BOSTON — Massachusetts House employees will start seeing a minimum 8 percent raise in their next paychecks under a new compensation plan unveiled by House leadership on Thursday.
Months after Senate staffers launched a so-far-unsuccessful unionization bid and shone a spotlight on working conditions for legislative aides, top House Democrats announced across-the-board pay increases for staff effective Nov. 7.
“We hope we’ll balance some of the inequities and the unfairness and some of the differences between the same job titles that exist in the State House today, bringing some sort of definition and shape to who is doing what and what that job is valued at,” House Speaker Ron Mariano of Quincy said. “We’re trying to move into the [21st] century in how we pay people.”
The plan also establishes a minimum salary floor for all full-time House employees of $50,466 and a minimum salary floor for legislative aides of $53,000. In total, the salary adjustments will cost a bit less than $5 million from the House’s existing budget, paid for by existing House savings, according to a summary of the new plan Mariano’s team produced.
A Mariano spokesperson said the House’s Human Resources and Employee Engagement Committee approved the package Thursday. The raises will be carried forward in the House’s operating budget in future years, the spokesperson said.
Like workers across the country, legislative aides are grappling with pointed cost increases as a result of an inflation rate that hovered at 7.7 percent for the year ending in October.

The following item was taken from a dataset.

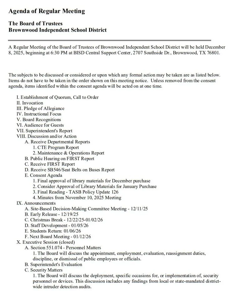 Brownwood ISD Board of Trustees to meet Dec. 8

“I find this really exciting in many ways. A lot of people see these numbers as higher than people expected them to be and appreciate leadership taking the time to reflect on staffers’ hard work,” said Emily Kibbe, legislative aide for Rep. Tami Gouveia of Acton. “We see this as a great first step ... We want to see how this plan will be updated and how people will be compensated on a fair and equitable basis going forward.”

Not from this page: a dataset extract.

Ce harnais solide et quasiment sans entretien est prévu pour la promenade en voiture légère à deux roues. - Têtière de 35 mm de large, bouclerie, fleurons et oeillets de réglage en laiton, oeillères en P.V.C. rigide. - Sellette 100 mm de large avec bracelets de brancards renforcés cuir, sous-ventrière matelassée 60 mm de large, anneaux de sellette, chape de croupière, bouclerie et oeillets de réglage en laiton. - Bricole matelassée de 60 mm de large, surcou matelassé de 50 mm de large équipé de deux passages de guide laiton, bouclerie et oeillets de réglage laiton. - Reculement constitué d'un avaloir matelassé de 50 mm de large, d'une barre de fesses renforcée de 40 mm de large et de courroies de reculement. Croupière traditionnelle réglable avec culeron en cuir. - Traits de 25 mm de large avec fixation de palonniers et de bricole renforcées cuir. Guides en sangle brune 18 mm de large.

Mariano described the raises and salary floors as part of “a process we began in 2016,” when the House voted to approve the Massachusetts Equal Pay Act.
An updated version of MEPA passed unanimously by both branches in 2016 intended to close the gender wage gap and ensure “equal pay for comparable work.” In 2018, the House rules reform process mandated the development of employee classifications, including written job descriptions, leading to the plan released Thursday, a Mariano aide said.

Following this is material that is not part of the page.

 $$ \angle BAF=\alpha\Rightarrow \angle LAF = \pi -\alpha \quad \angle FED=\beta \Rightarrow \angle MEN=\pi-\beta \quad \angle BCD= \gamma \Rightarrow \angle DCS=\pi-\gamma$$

“To evaluate comparable work, the plan classifies all House employees into three organizations: Personal Staff, Committee Staff, and Operational Staff,” the plan says.
Although some State House aides have lamented low pay and Senate staffers moved this year to unionize with IBEW Local 2222, Mariano said the compensation plan rolled out Thursday does not reflect representatives “reacting to something.”
Senate workers unsuccessfully sought union recognition from Senate President Karen Spilka, who in late July said the chamber’s legal team “does not at this time see a path forward” for legislative staff to unionize. Senate staff did, however, receive at least 10 percent pay raisesin July.
Meanwhile, pieces of a package of legislation aimed at improving pay and working conditions for the hundreds of aides in House and Senate offices have languished in the House Rules committee.
The first bill in the package (HD 4386) would set a minimum salary of $55,000 for full-time House, Senate and joint legislative employees, increase other salary tiers accordingly, and require annual pay raises scaled to the increase in the statewide median household income, the News Service reported last year.
Bill sponsors Rep. Erika Uyterhoeven and Sen. Diana DiZoglio also called for providing legislative staffers with yearly cost-of-living adjustments (HD 4388) and offering retroactive bonuses to offset costs incurred during the pandemic (HD 4387).
When asked if the House’s new compensation plan may impact talks about staff unionization among legislators, Mariano said the foundations of the plan began in 2016 “long before anyone was talking about this.”
“I think that you see people trying to jump in saying, ‘They caused us to do this,’ and it’s just not accurate,” he said.
Mariano pointed to a two-year, annual 3 percent cost-of-living salary adjustments the House approved in 2018, another 6 percent cost of living adjustment in May 2021and now the 8 percent increase introduced Thursday.
If an employee earned a salary of $50,000 in 2015, that string of raises would bring their pay north of $60,000 now.
“They’ll have received a 20 percent pay increase,” Mariano said. “I challenge you to find a city or town that matched that with any of their employees.”
He added that the only way the House can pay for the salary increases out of their existing budget is because “we began in 2016 and started putting money away.”
Kibbe said House aides see the raise “as a win” in their unionization efforts.
“We’ve been raising the issue of dignity and respect of staff for months now,” she said. “Since this pay is just at this moment in time, folks’ salaries won’t continue to be updated on a regular basis going forward. We’d like to see a plan that addresses regular cost-of-living updates, other workforce concerns and has staff input every step of the way.”